Впервые увидели ЗПУ. Спаренные зенитно-пулемётные установки. Лёгкое, мобильное страшное оружие. Многие из нас через два месяца попали командовать этими отдельными взводами.

Увидели – шедевр! «Шилку». Четырёхствольная зенитно-пулемётная установка на базе танка со своей РЛС. Море огня! Равного ей – не было и нет ничего в мире.

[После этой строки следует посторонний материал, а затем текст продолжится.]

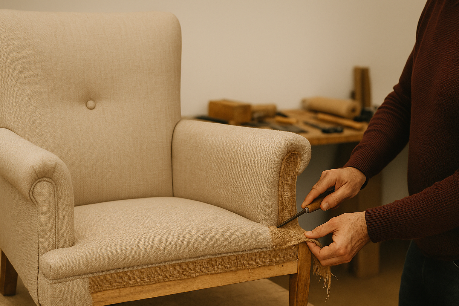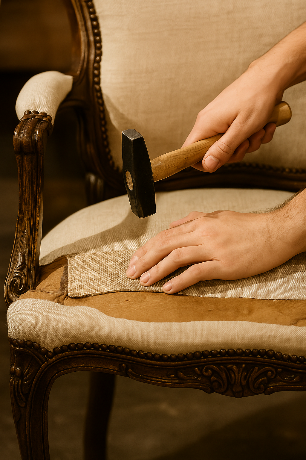 Redonnez vie à vos fauteuils préférés avec notre expertise en tapisserie artisanale et choix de tissus nobles.
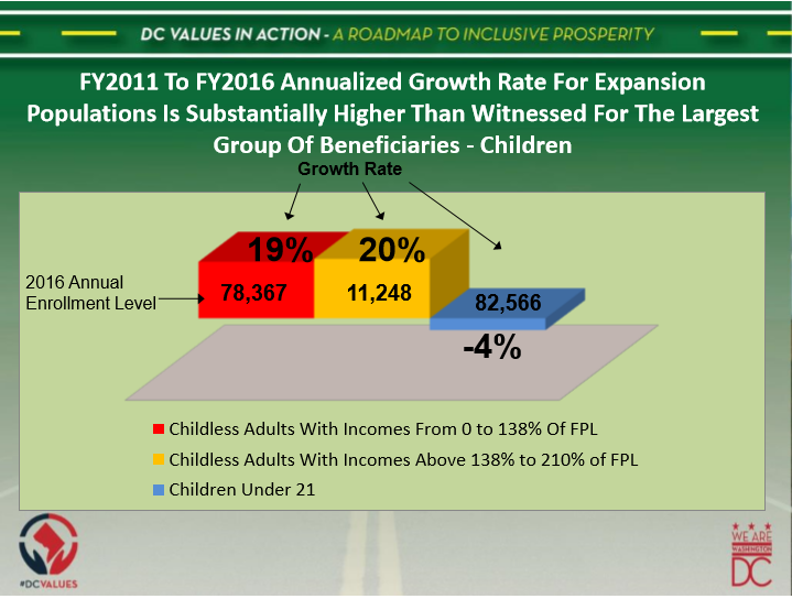 Not only does the District cover the full health insurance cost for this this group, but the city must contend with the rapid rate at which this population is growing. Specifically, in FY2016, 11,248 Medicaid recipients enrolled in the program under this coverage. This represented a 20 percent annualized growth rate from FY2011. By comparison, enrollment growth for children over this same time period was a negative 4 percent, while the rate for the legacy expansion population was 19 percent (see graphic on page 16).

Показали всем. Всем зенитным частям. Впервые почти. Прибыли какие-то, ну, очень высокие, военные чины. Нет, не прибывших показали, а «Стрелу». Мы о ней на лекциях слыхали. Только слыхали. Записывать было нельзя! И правильно.

РПК «Стрела». Ракетный переносной комплекс. Труба, стрелять с плеча. В сторону летящего самолётика. У неё, у «Стрелы», самонаводящаяся головка. На тепло. То есть в задницу прямо въезжает, в сопло горячее. Стреляли показательно по долгоиграющей сигнальной ракете на парашютике. Глядели все – душа радовалась!


А сейчас?

Все видели, и не раз, по дебилоскопу[24] проклятому, как абреки долбаные по нашим, по нашим! Самолётам и вертолётам из новых уже, наших! РПК стреляют. Да что же это делается-то, ребята?

Если б нам тогда на берегу Священной Ладоги, кто посмел такое сказать… Выражаясь современным дебильным языком: «На куски падлу бы порвали». Да не рвать на куски, а к стенке ставить надо тех, с чьего позволения «Стрела» оказывается в любых чужих руках. Да и не только «Стрела».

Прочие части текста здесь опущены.